IMF-induced relative economic stability restored in 2024

by admin

ISLAMABAD:In 2024, Pakistan narrowly avoided a sovereign default and managed to stabilize the economy on the back of yet another International Monetary Fund (IMF) bailout package. But the New Year is roaring with challenges of retaining duty-free access to European markets and handling any policy shift by the United States.

Pakistan’s marginalized salaried class was pushed to the edge after, in a highly unjustifiable decision, the government and the IMF increased its tax burden to an unbearable level of 39%, forcing many people to think about their plans for the future. As a result, in July through November, the salaried class’s tax payments phenomenally jumped by 57% to Rs198 billion.

The economic decision-making remained fragmented between the dwellers of the Q Block -the seat of the Finance Ministry, Prime Minister’s Office and the Deputy Prime Minister Office.

The government appointed Muhammad Aurangzeb as the country’s new Finance Minister who secured Pakistani nationality after taking oath of office. But the banker turned politician lost significant control to Deputy Prime Minister Mohammad Ishaq Dar who gradually sneaked into the economic decision-making. Ishaq Dar is now taking decisions from gas imports to development budget approvals and taxation matters.

Like the previous years, 2024 was not different in terms of economic challenges. The security and political problems compounded manifold, which made it difficult to bring in any foreign investment coupled with inconsistent economic policies. The Special Investment Facilitation Council too failed to bring any foreign direct investment in 2024 -its second year of existence.
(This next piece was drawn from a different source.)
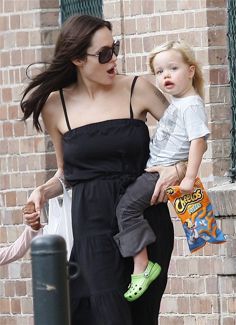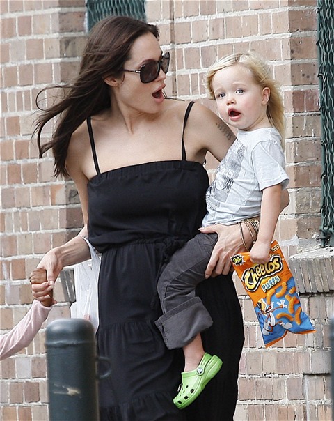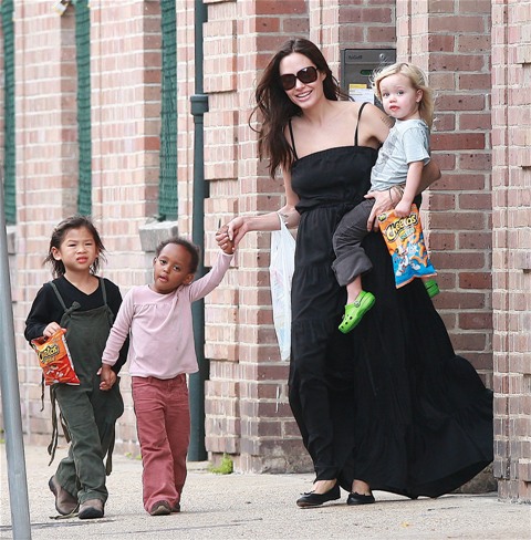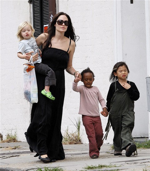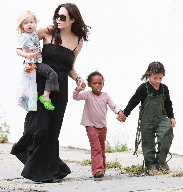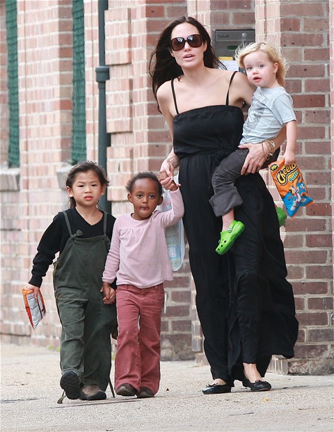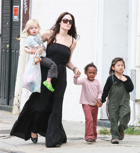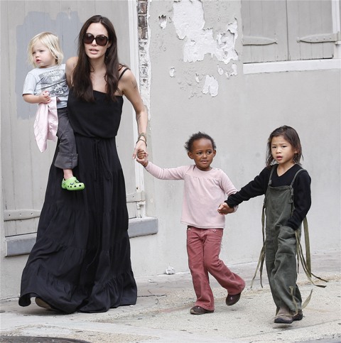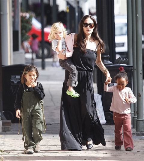 Angelina took Maddox, Pax, and Miss Zahara to an art store in New York without the Chosen One. Before the internet child protection agency could move in to accuse her of hating her biological child though, Angie moved to strike first today in New Orleans bringing out the Shiloh for a little family walk.

After prolonged parlays spanning over months, the board of the IMF approved a $7 billion Extended Fund Facility -the nation’s 25th bailout package. The bailout did provide an umbrella to temporarily avoid default by seeking rollovers of about $17 billion or 70% of Pakistan’s external debt related obligations.

Both the IMF and the federal government took a shorter path of deferring the liabilities instead of taking the tough but sustainable route of debt restructuring. As a result, the default threat would keep looming and Pakistan will be compelled to stay in the IMF programme for a longer period to avert the eventuality.

The government could not effectively negotiate with the IMF and signed on the conditions, many of which cannot be implemented without setbacks. Soon after the approval of the programme, the IMF had to send an emergency mission to Pakistan to review the implementation status.